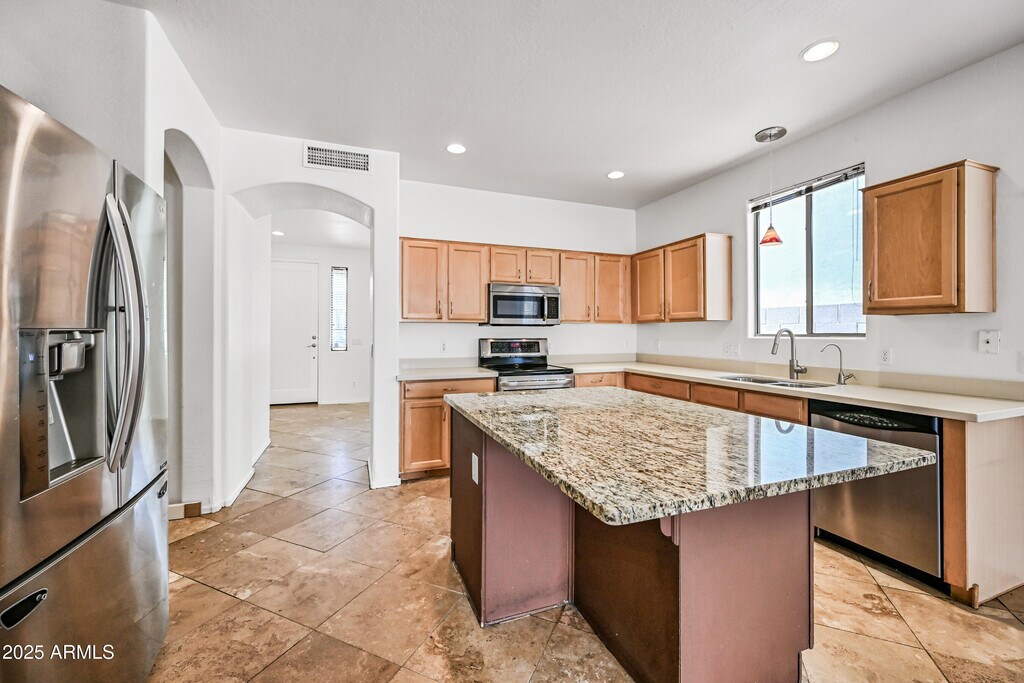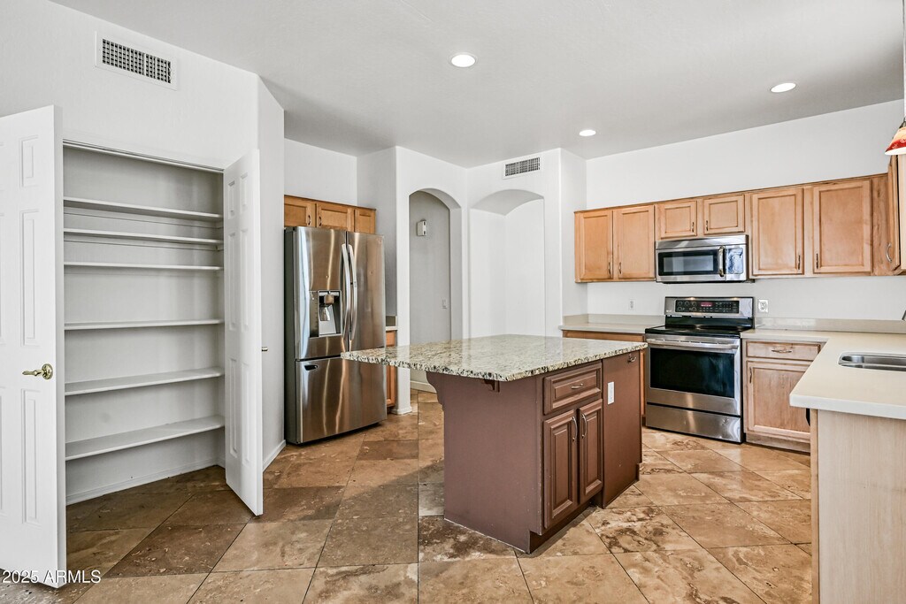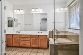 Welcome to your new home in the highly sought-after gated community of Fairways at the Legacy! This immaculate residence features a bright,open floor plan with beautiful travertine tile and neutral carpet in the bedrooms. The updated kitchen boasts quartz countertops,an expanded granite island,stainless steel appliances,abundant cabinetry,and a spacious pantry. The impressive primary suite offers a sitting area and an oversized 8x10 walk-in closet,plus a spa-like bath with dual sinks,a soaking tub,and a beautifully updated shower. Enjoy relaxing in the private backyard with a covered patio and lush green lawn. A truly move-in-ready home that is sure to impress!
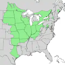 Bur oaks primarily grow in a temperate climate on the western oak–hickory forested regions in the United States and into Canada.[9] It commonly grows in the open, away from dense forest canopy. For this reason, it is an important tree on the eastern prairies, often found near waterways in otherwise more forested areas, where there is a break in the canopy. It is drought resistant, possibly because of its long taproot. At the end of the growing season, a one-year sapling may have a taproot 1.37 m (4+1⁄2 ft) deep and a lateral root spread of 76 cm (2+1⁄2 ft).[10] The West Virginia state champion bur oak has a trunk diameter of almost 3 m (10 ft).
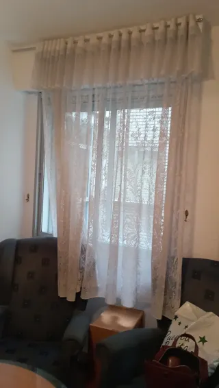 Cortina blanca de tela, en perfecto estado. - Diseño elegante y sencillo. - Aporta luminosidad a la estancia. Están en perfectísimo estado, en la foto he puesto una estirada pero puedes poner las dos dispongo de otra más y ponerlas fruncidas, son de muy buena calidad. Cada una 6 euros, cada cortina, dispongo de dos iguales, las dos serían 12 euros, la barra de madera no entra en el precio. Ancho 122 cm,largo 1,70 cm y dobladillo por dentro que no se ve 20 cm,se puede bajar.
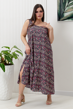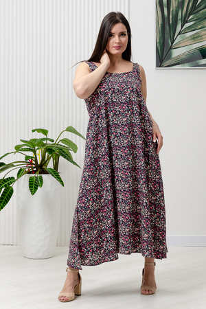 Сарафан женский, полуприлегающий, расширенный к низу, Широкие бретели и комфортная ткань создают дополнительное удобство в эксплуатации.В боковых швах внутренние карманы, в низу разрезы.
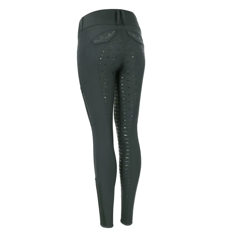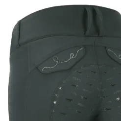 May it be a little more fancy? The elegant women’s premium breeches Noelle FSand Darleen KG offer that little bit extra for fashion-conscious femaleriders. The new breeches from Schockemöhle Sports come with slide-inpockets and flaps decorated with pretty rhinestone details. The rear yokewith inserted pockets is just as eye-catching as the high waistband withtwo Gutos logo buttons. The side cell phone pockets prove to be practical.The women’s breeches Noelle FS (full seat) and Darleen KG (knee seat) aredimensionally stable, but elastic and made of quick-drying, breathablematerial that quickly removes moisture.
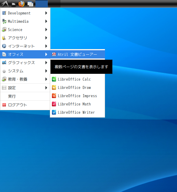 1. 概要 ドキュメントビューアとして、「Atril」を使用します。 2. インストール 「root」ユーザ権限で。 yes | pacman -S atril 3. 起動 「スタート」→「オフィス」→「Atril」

-=-=-

__HOW TO COMPLETE THIS TASK__
Print the records again exactly, without the pictures.

__ANSWER TO THE EXERCISE__
 Welcome to your new home in the highly sought-after gated community of Fairways at the Legacy! This immaculate residence features a bright,open floor plan with beautiful travertine tile and neutral carpet in the bedrooms. The updated kitchen boasts quartz countertops,an expanded granite island,stainless steel appliances,abundant cabinetry,and a spacious pantry. The impressive primary suite offers a sitting area and an oversized 8x10 walk-in closet,plus a spa-like bath with dual sinks,a soaking tub,and a beautifully updated shower. Enjoy relaxing in the private backyard with a covered patio and lush green lawn. A truly move-in-ready home that is sure to impress!
 Bur oaks primarily grow in a temperate climate on the western oak–hickory forested regions in the United States and into Canada.[9] It commonly grows in the open, away from dense forest canopy. For this reason, it is an important tree on the eastern prairies, often found near waterways in otherwise more forested areas, where there is a break in the canopy. It is drought resistant, possibly because of its long taproot. At the end of the growing season, a one-year sapling may have a taproot 1.37 m (4+1⁄2 ft) deep and a lateral root spread of 76 cm (2+1⁄2 ft).[10] The West Virginia state champion bur oak has a trunk diameter of almost 3 m (10 ft).
 Cortina blanca de tela, en perfecto estado. - Diseño elegante y sencillo. - Aporta luminosidad a la estancia. Están en perfectísimo estado, en la foto he puesto una estirada pero puedes poner las dos dispongo de otra más y ponerlas fruncidas, son de muy buena calidad. Cada una 6 euros, cada cortina, dispongo de dos iguales, las dos serían 12 euros, la barra de madera no entra en el precio. Ancho 122 cm,largo 1,70 cm y dobladillo por dentro que no se ve 20 cm,se puede bajar.
 Сарафан женский, полуприлегающий, расширенный к низу, Широкие бретели и комфортная ткань создают дополнительное удобство в эксплуатации.В боковых швах внутренние карманы, в низу разрезы.
 May it be a little more fancy? The elegant women’s premium breeches Noelle FSand Darleen KG offer that little bit extra for fashion-conscious femaleriders. The new breeches from Schockemöhle Sports come with slide-inpockets and flaps decorated with pretty rhinestone details. The rear yokewith inserted pockets is just as eye-catching as the high waistband withtwo Gutos logo buttons. The side cell phone pockets prove to be practical.The women’s breeches Noelle FS (full seat) and Darleen KG (knee seat) aredimensionally stable, but elastic and made of quick-drying, breathablematerial that quickly removes moisture.
 1. 概要 ドキュメントビューアとして、「Atril」を使用します。 2. インストール 「root」ユーザ権限で。 yes | pacman -S atril 3. 起動 「スタート」→「オフィス」→「Atril」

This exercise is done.